Dos personas hicieron estallar su carga en medio de una multitud de peregrinos que se dirigían a pie desde el sur de Irak hasta la ciudad santa de Kerbala, 00 km al sur de Bagdad, informó el jefe de policía, Karim Al-Hamzawi, que añadió que el «doble atentado se produjo por la tarde en Nadir, a 2 km de Hilla. «Vi a uno de los suicidas. Tenía unos 40 años. Se inmoló y vi partes de cadáveres volando», dijo un testigo que declinó dar su nombre.
Conmemoración
Miles de fieles se dirigen durante estos días en colectivo y a pie desde todo Irak para conmemorar el sábado el 40º día posterior a la muerte del imán Hussein -una de las figuras más veneradas por el islam chiita-, asesinado en el año 680 de nuestra era por la dinastía sunnita de los Omeyas.
Antes de este atentado, que atiza la guerra civil interconfesional, 35 peregrinos ya habían muerto en varios ataques. La violencia también afectó a las tropas estadounidenses, que ayer perdieron a nueve militares en dos ataques al norte de Bagdad, en momentos en que se busca reforzar la seguridad en el país a través de un masivo despliegue de tropas.

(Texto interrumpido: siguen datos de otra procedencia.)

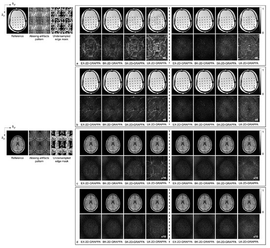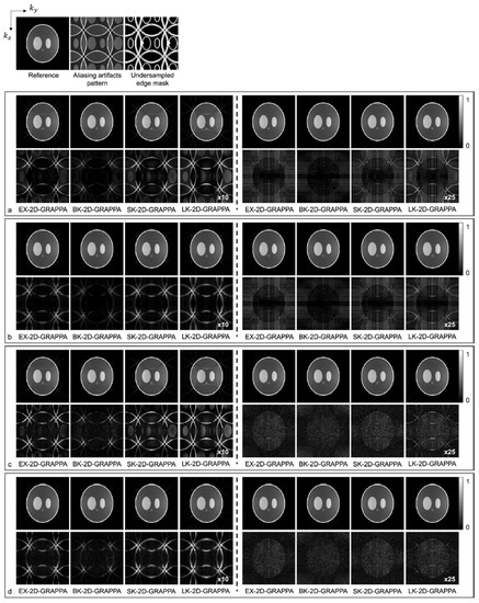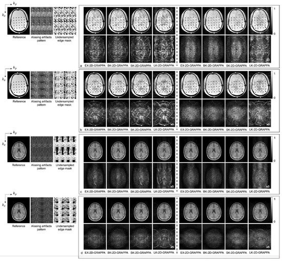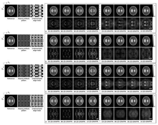 Figure 6 shows images reconstructed from the acquired phantom (a,b) and human brain (c,d) data. The reference image reconstructed from fully sampled k-space data, an image showing the pattern of aliasing artifacts and an undersampled edge mask are also presented on the left. The missing k-space data were estimated from acquired data with 24 × 24 k-space reference lines to generate the final images, and the difference images were also calculated by subtracting the reconstructed images from the reference image. In Figure 6a,c, the images show the reconstruction results obtained when the k-space reference lines were excluded before reconstruction. On the other hand, Figure 6b,d shows images obtained when the reference lines were included for reconstruction. Images from the first to the fourth columns were reconstructed with the basis kernels, and images from the fifth to eighth columns were reconstructed with the expanded kernels using the 2D-GRAPPA algorithms named below. In the reconstructed images of the acquired phantom data, the BK-2D-GRAPPA algorithm eliminated more aliasing artifacts than other 2D-GRAPPA algorithms. It was difficult to visually observe significant differences between different algorithms except for the LK-2D-GRAPPA algorithm, which showed severe artifacts in the reconstructed images of in vivo data. Nevertheless, the BK-2D-GRAPPA algorithm showed fewer errors when compared with the reference image than other 2D-GRAPPA algorithms.
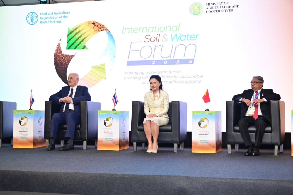กระทรวงเกษตรฯ จึงร่วมกับ FAO จัดการประชุมนานาชาติว่าด้วยการจัดการทรัพยากรดิน และน้ำ เพื่อความมั่นคงทางอาหารอย่างยั่งยืน (The International Soil and Water Forum 2024) โดยมีวัตถุประสงค์เพื่อสร้างความมุ่งมั่นในเรื่องการจัดการดิน และน้ำอย่างบูรณาการที่ยั่งยืน ซึ่งเป็นรากฐานของการพลิกโฉมระบบเกษตรและอาหาร อีกทั้งเพื่อเทิดทูนพระอัจฉริยภาพพระบาทสมเด็จพระบรมชนกาธิเบศร มหาภูมิพลอดุลยเดชมหาราช บรมนาถบพิตร ด้านดินและน้ำ เป็นโอกาสอันดีในการนำเสนอผลงานวิจัยด้านดินและน้ำของนักวิชาการทั้งไทยและต่างชาติ รวมถึงเป็นเวทีให้แก่ผู้นำไทยและต่างชาติร่วมให้ข้อคิดเห็นและแลกเปลี่ยนการดำเนินงานเพื่อการอนุรักษ์ดินและน้ำเพื่อบรรลุเป้าหมายการพัฒนาที่ยั่งยืนของสหประชาชาติ
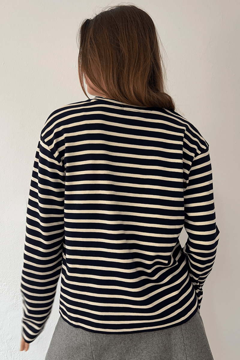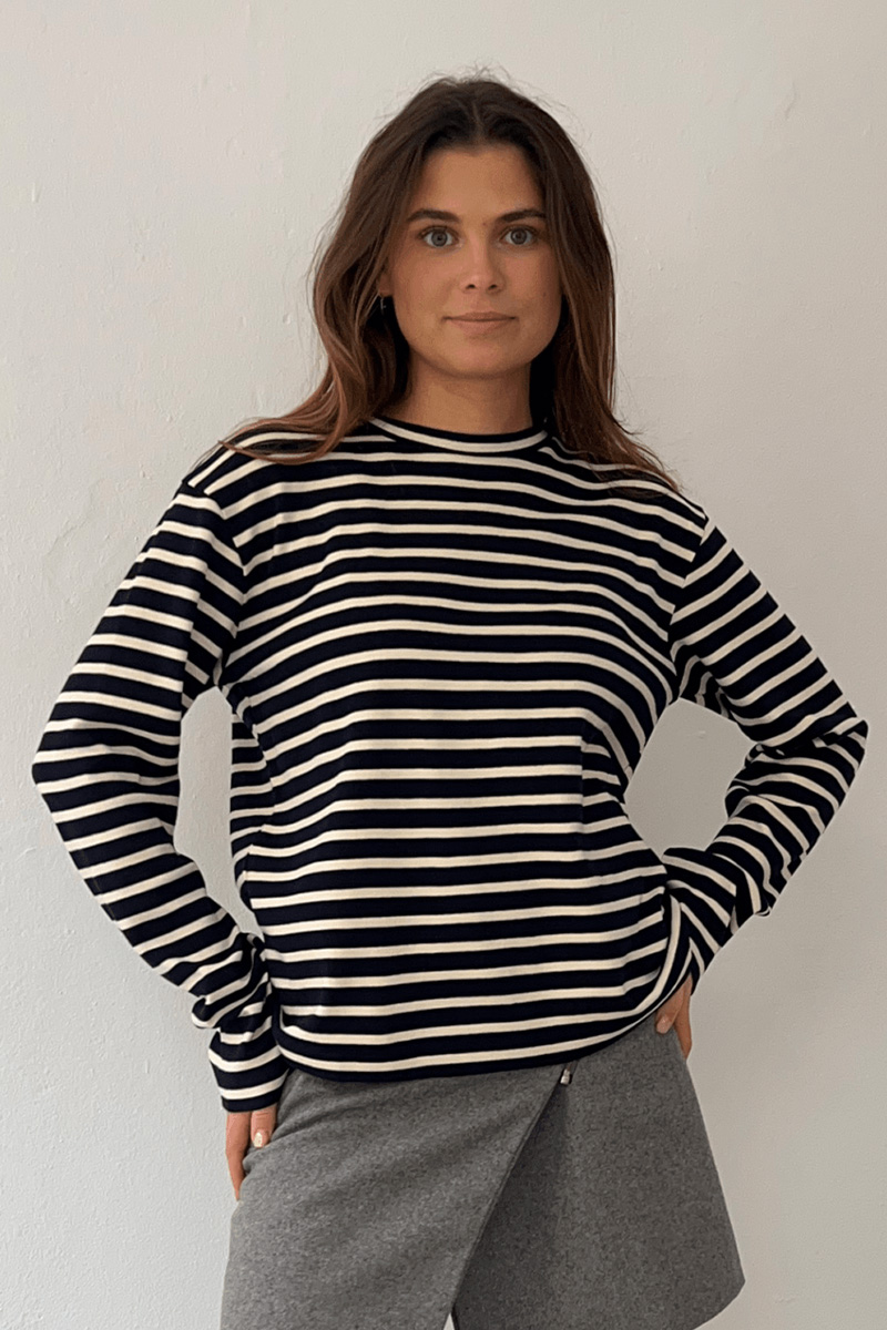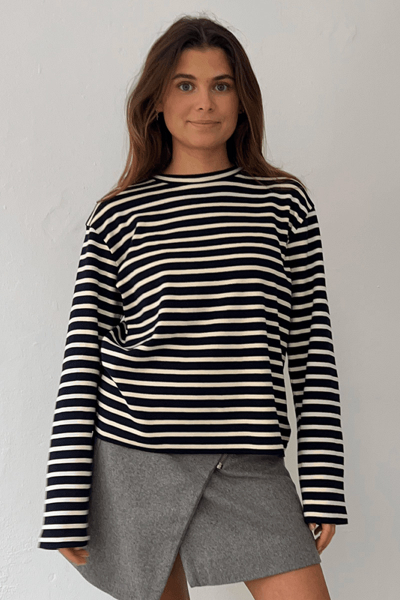Nete stripe blouse er en myk og feminin bluse med et klassisk stripemønster i navy og off white. Den enkle silhuetten og den behagelige bomullskvaliteten gjør den til en allsidig favoritt i hverdagsgarderoben.
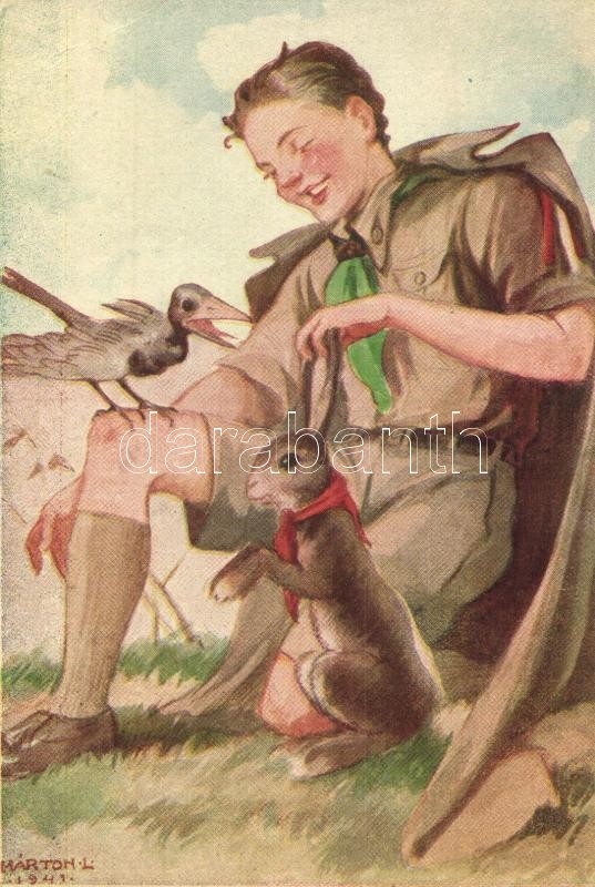 Márton L.-féle Cserkészlevelezőlapok Kiadóhivatala / Hungarian boy sc... https://www.darabanth.com/de/337-Fernauktion/337.0/Ansichtskarten/Pfadfinder~2000056/Marton-L-fele-Cserkeszlevelezolapok-Kiadohivatala-Hungarian-boy-scout-art-postcard-rabbit-~II1892041
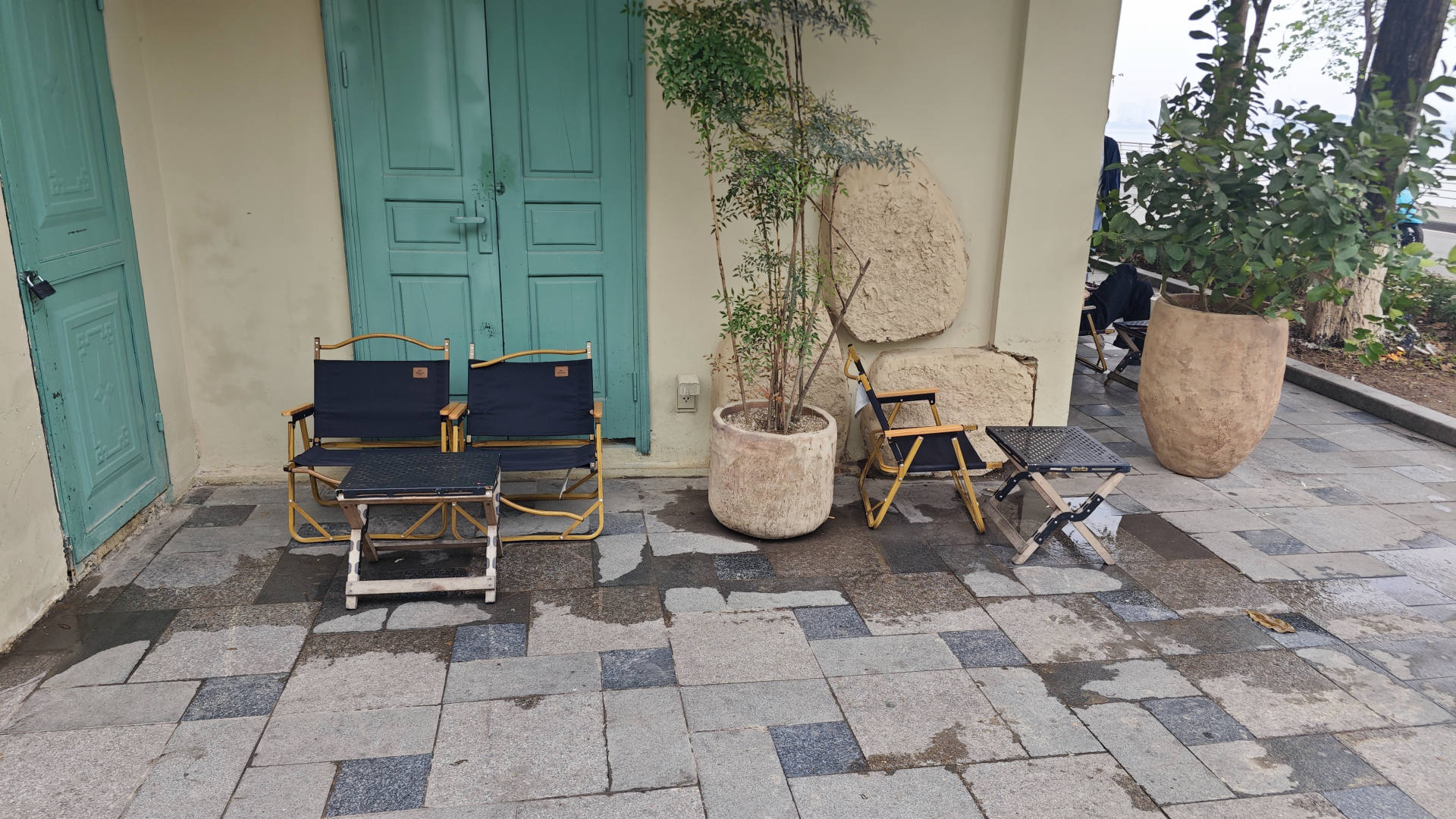 Điểm đến đầu tiên là chi nhánh Phê La Tây Hồ, một trong những mặt bằng có quy mô lớn và luôn đông đúc. Ngay từ đầu giờ sáng, khu vực cửa kính lớn đón nắng đã in hằn vô số dấu vân tay chưa được lau chùi kỹ. Bên trong quán, mặt sàn xuất hiện các vết ố và mảng bám tích tụ. Khu vực sân vườn vốn là điểm cộng lại khiến nhiều người e ngại vì mùi hôi phát sinh trực tiếp từ nắp hố ga, nghi do nước thải sinh hoạt đọng lâu ngày bên dưới.

Estos decesos, que se produjeron al estallar bombas al paso de sus vehículos, elevaron a 3.179 el número de militares norteamericanos fallecidos en Irak desde marzo de 2003, según un recuento basado en cifras del Pentágono.
Por otro lado, un grupo de insurgentes atacó una prisión del norte de Irak y, tras tomar su control brevemente, liberó al menos a 140 detenidos. «Un importante grupo de insurgentes, armados con fusiles de asalto y ametralladoras montadas en camionetas, atacó la cárcel de Badush», declaró Hicham al-Hamdani, funcionario de seguridad del consejo de la provincia de Nínive, donde se encuentra la cárcel.
«Los guardias sólo opusieron una escasa resistencia a causa del número de agresores, que penetraron en la cárcel y liberaron a 140 de 150 detenidos, algunos de ellos extranjeros», añadió.
El sitio «está de nuevo bajo control de las autoridades. Intervinieron helicópteros estadounidenses, y cinco terroristas murieron» durante los enfrentamientos, añadió el funcionario.
El ataque fue planeado por Abu Omar al-Baghdadi, el autoproclamado emir del «Estado islámico en Irak», una alianza de grupos sunnitas liderados por la rama iraquí de Al-Qaeda, aseguró Al-Hamdani.